Сложность положения Расина заключается в том, что в «Сутягах» осмеивалось государственное учреждение — суд. Расин прикрывал­ся тем, что всего лишь перевел на французский язык и приспособил к французским нравам комедию Аристофана «Осы». Но публика не знала, как отнестись к «Сутягам». «Даже те, кто больше всех весели­лись ею (комедией.— А. А.),— рассказывает Расин,— боялись, что смеются не по правилам...» (I, 88). Другие считали, что «судебные де­ла не могут быть предметом развлечения для придворных» (I, 88). Но когда «Сутяги» были представлены в Версале и получили высочайшее одобрение, сомнения как будто исчезли.

Такова была практическая сторона дела. Расин посягнул на го­сударственное установление, его критика нравов пришлась не по вкусу противникам правды в искусстве. Но для Расина вопрос не ограничивался правом на изображение реального. Вопрос был и в том, как изобразить действительность в комедии. И здесь драматург высказал суждения, представляющие принципиальный интерес.

Расин пишет: «Аристофан был прав, уводя все вещи за пределы правдоподобия. Судьи ареопага, возможно, не сочли бы благом, ежели бы он изобразил в натуральном виде их стяжательство, про­делки секретарей, хвастовство их адвокатов. Уместно было слегка преувеличить черты действующих лиц, дабы помешать им узнать се­бя. Публика не переставала различать правду сквозь чудачества...» (I, 88).

По мнению Расина, комедиографу приходится идти на некоторый компромисс для того, чтобы сказать правду о государственных уста­новлениях. Но дело не только в этом. Преувеличения, гротеск служат средствами усиления комического эффекта. Комедия, естествен­но, должна быть веселой, но цель комедии не только в том, чтобы заставлять смеяться. Сквозь смешное должна проглядывать правда жизни.

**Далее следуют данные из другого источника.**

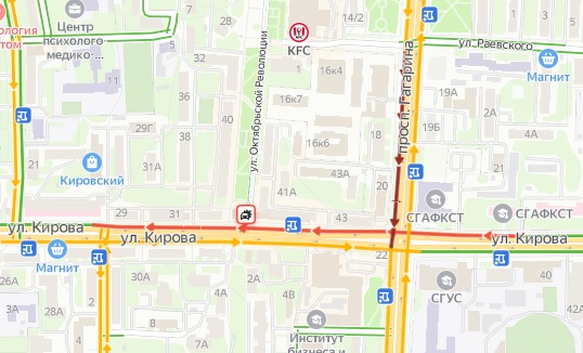 Движение в направлении улицы Нормандия-Неман практически остановилось. Кроме того, пробка затронула участок проспекта Гагарина возле здания Следственного комитета.

Расин живет в век, когда на сцене требуется благопристойность, и он ставит себе в заслугу, что добился комического эффекта не вуль­гарными шутками, а комизмом высокого порядка. Он не позволил себе «ни одной из тех грязных двусмысленностей и непристойных шу­ток, которые так мало останавливают теперь большинство наших писателей» (I, 89). Впрочем, и древние комедиографы позволяли се­бе нечто подобное, поэтому Расин оговаривает, что предпочитает «подражать умеренности Менандра и Теренция, чем вольности Плавта и Аристофана» (I, 87).

Хотя высказывания Расина содержат сравнительно мало теоре­тических обобщений, они существенны как декларации драматурга, занявшего первейшее место среди тех, кто придерживался в своем творчестве правил классицизма.